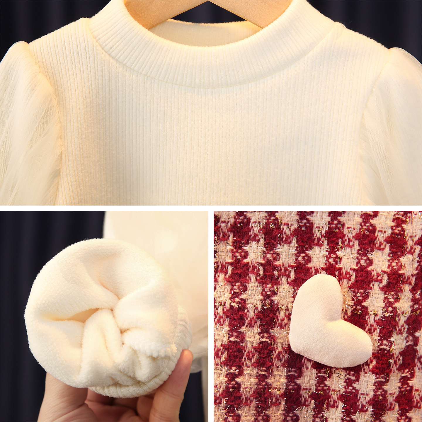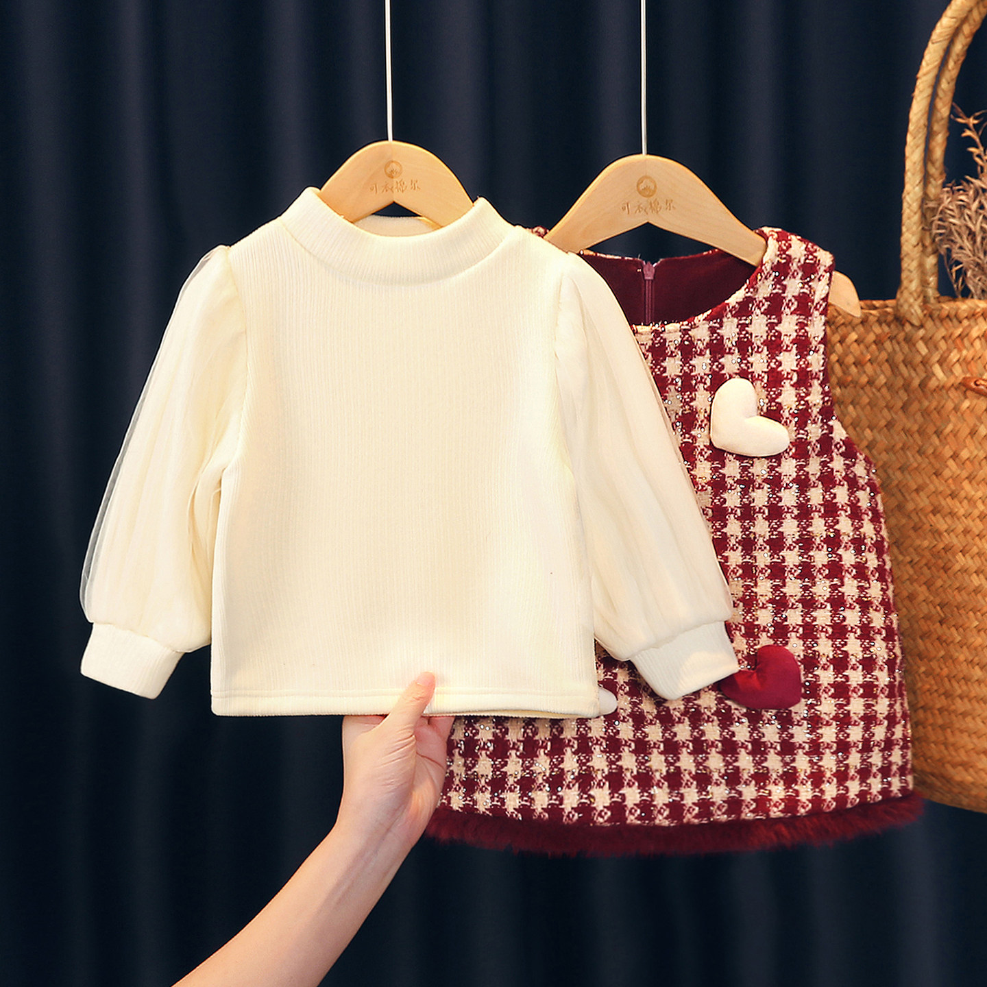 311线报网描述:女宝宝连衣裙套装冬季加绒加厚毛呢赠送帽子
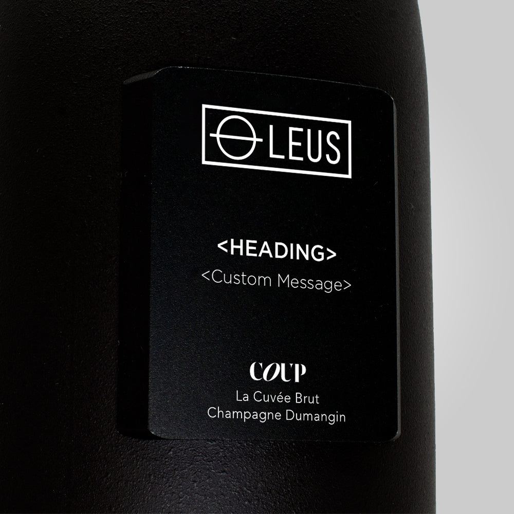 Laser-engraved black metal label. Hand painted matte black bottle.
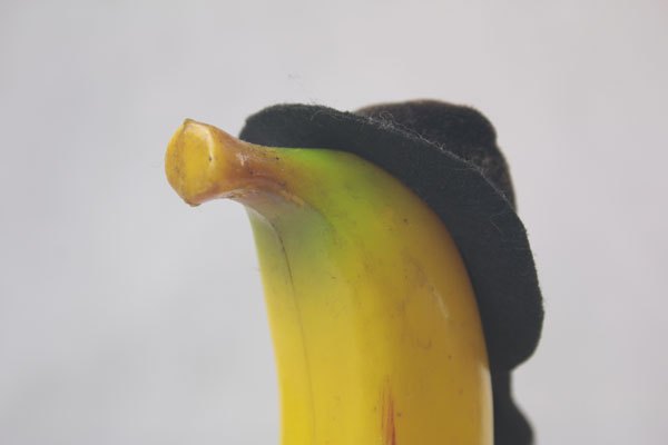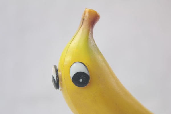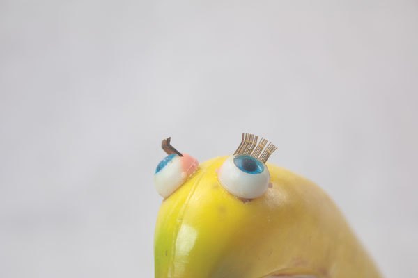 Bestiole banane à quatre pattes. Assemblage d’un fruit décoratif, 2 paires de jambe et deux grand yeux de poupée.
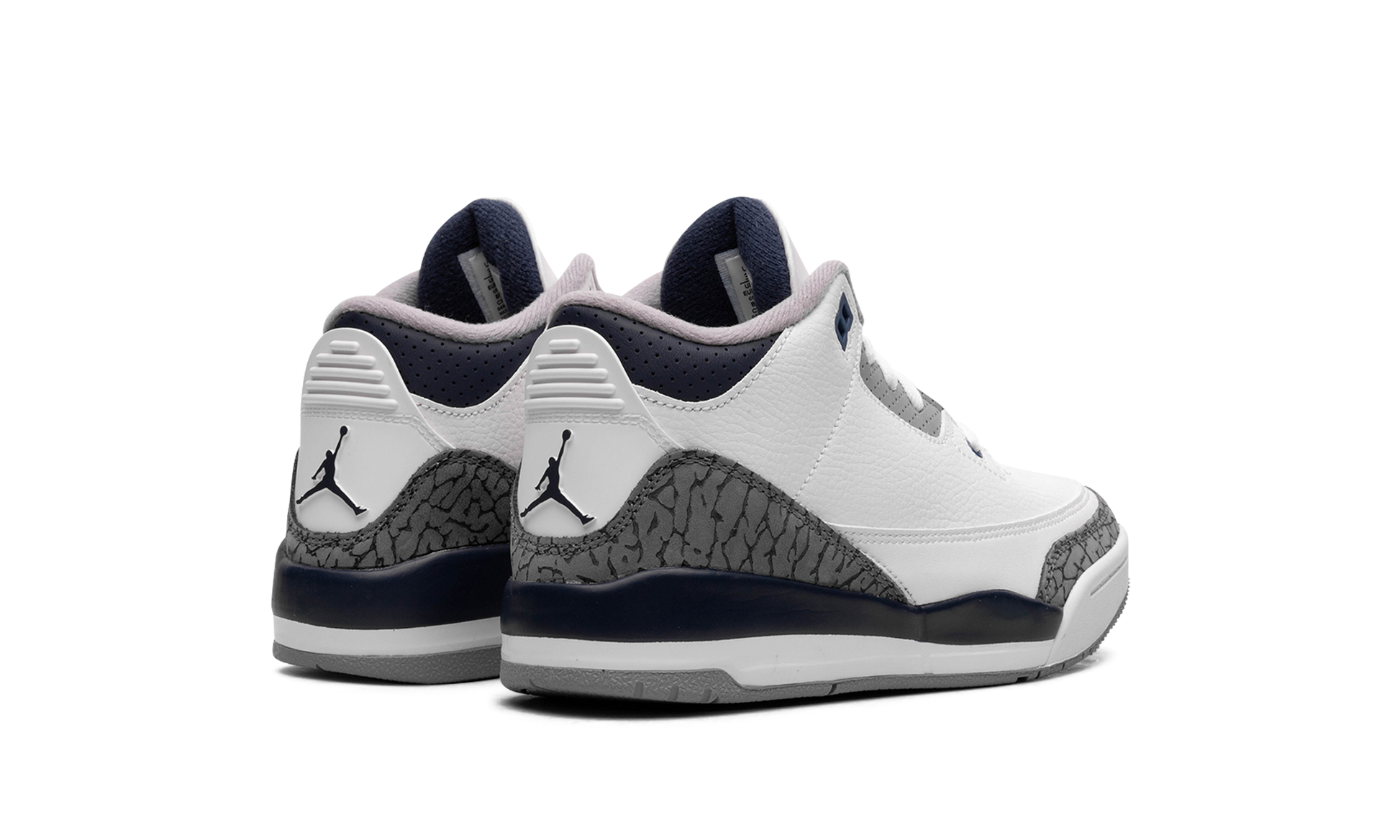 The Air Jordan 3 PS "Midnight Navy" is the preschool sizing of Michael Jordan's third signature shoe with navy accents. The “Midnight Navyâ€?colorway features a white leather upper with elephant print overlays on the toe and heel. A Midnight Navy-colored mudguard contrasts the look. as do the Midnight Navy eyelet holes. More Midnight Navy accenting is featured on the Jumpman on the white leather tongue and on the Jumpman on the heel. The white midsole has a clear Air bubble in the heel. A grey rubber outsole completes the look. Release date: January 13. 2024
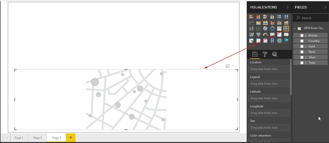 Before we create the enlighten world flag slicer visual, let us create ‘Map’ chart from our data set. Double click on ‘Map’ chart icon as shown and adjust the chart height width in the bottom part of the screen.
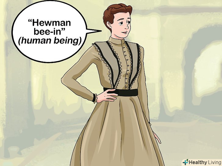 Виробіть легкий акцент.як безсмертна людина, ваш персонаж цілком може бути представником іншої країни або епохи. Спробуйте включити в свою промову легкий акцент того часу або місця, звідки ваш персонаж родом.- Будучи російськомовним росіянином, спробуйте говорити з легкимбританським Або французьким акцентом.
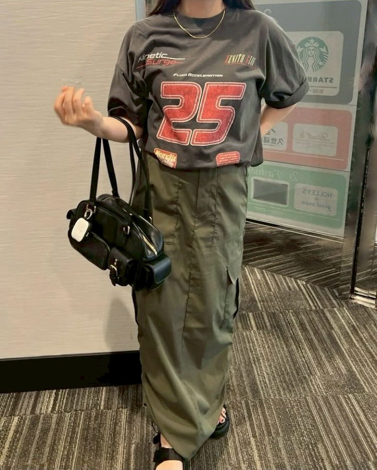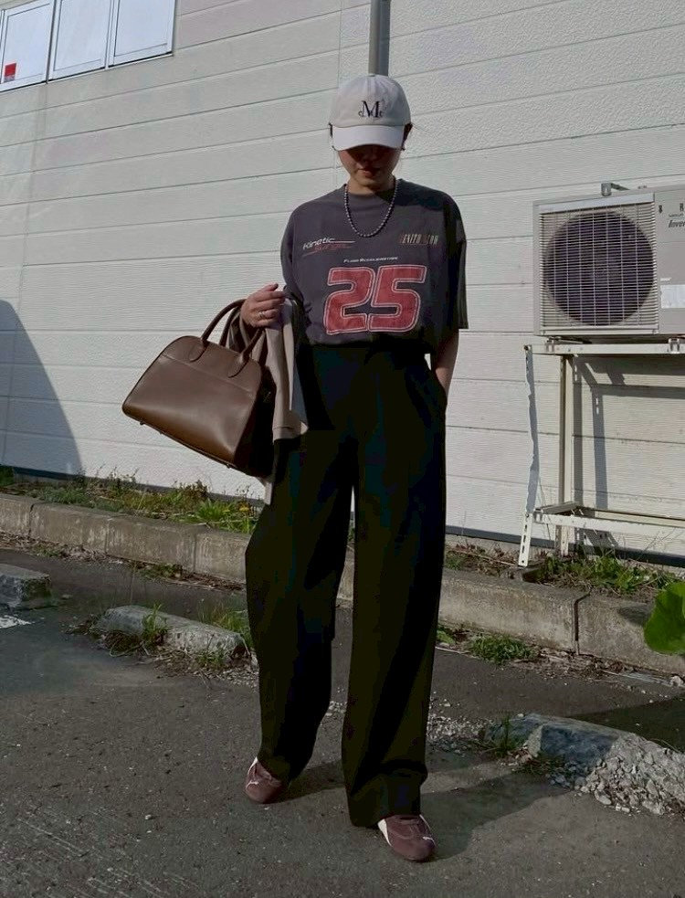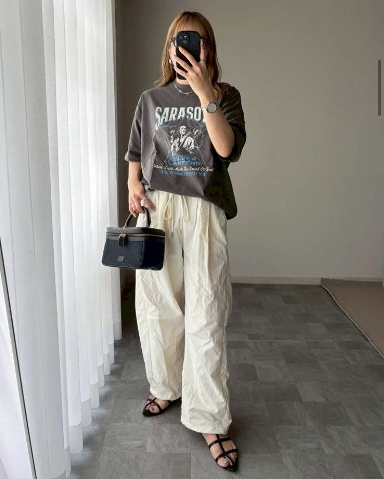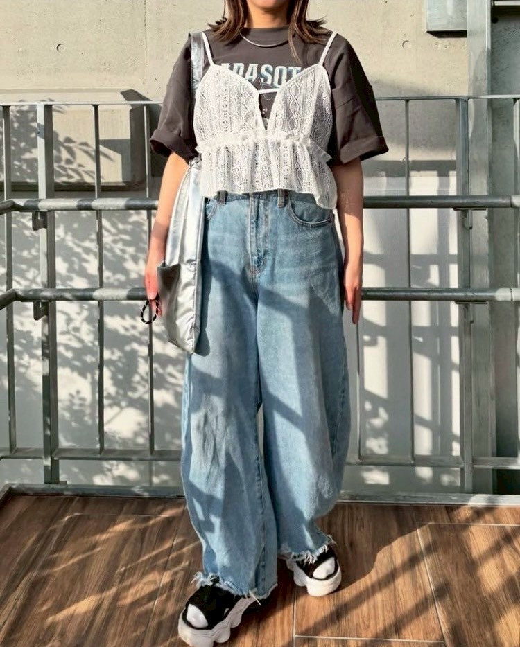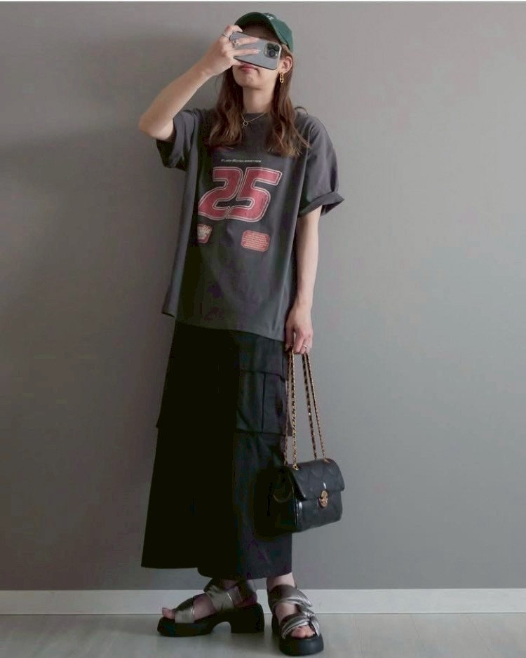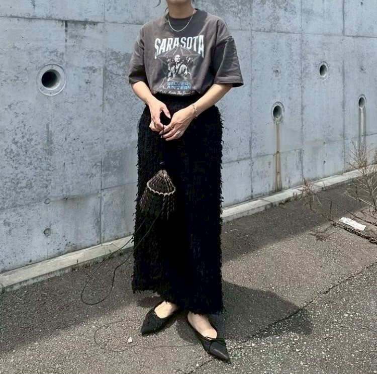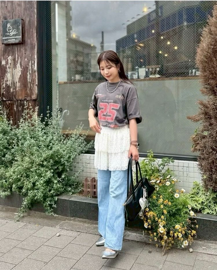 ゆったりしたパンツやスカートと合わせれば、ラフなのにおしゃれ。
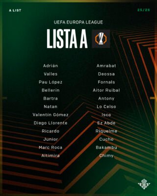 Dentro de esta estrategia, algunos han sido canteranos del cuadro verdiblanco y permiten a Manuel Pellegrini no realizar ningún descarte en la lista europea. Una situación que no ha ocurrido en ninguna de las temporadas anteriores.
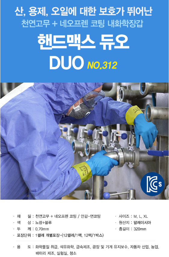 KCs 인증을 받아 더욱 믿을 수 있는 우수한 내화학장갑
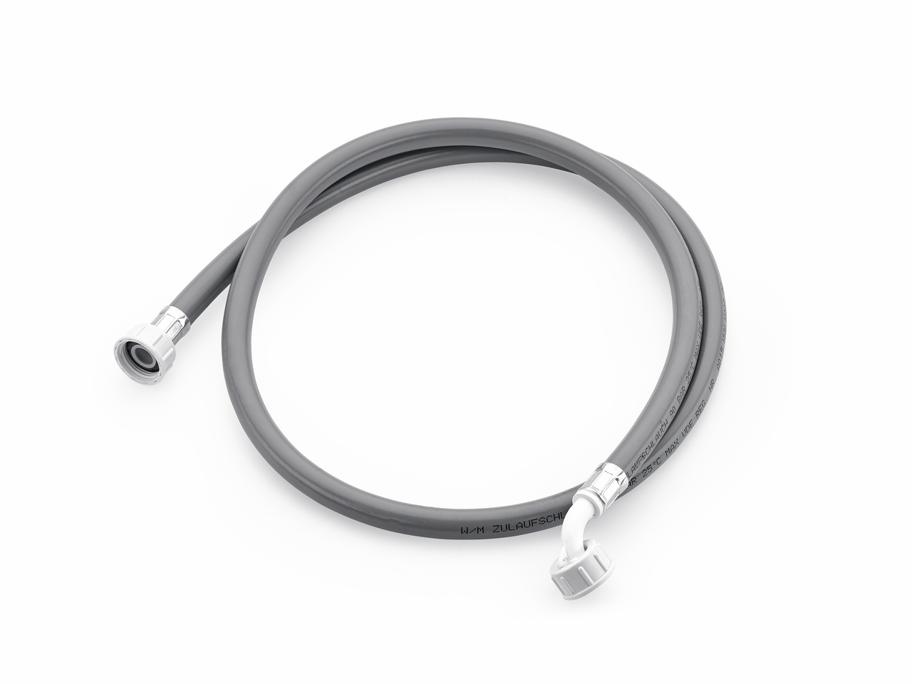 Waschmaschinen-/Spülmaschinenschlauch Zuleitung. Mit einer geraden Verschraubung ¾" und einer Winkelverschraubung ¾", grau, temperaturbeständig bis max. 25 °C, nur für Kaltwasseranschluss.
•••
Copy the lines above between the one holding "Laser-engraved black metal" and the one holding "Bestiole banane à", inclusive. Drop the pictures.

RESPONSE:
 Laser-engraved black metal label. Hand painted matte black bottle.
 Bestiole banane à quatre pattes. Assemblage d’un fruit décoratif, 2 paires de jambe et deux grand yeux de poupée.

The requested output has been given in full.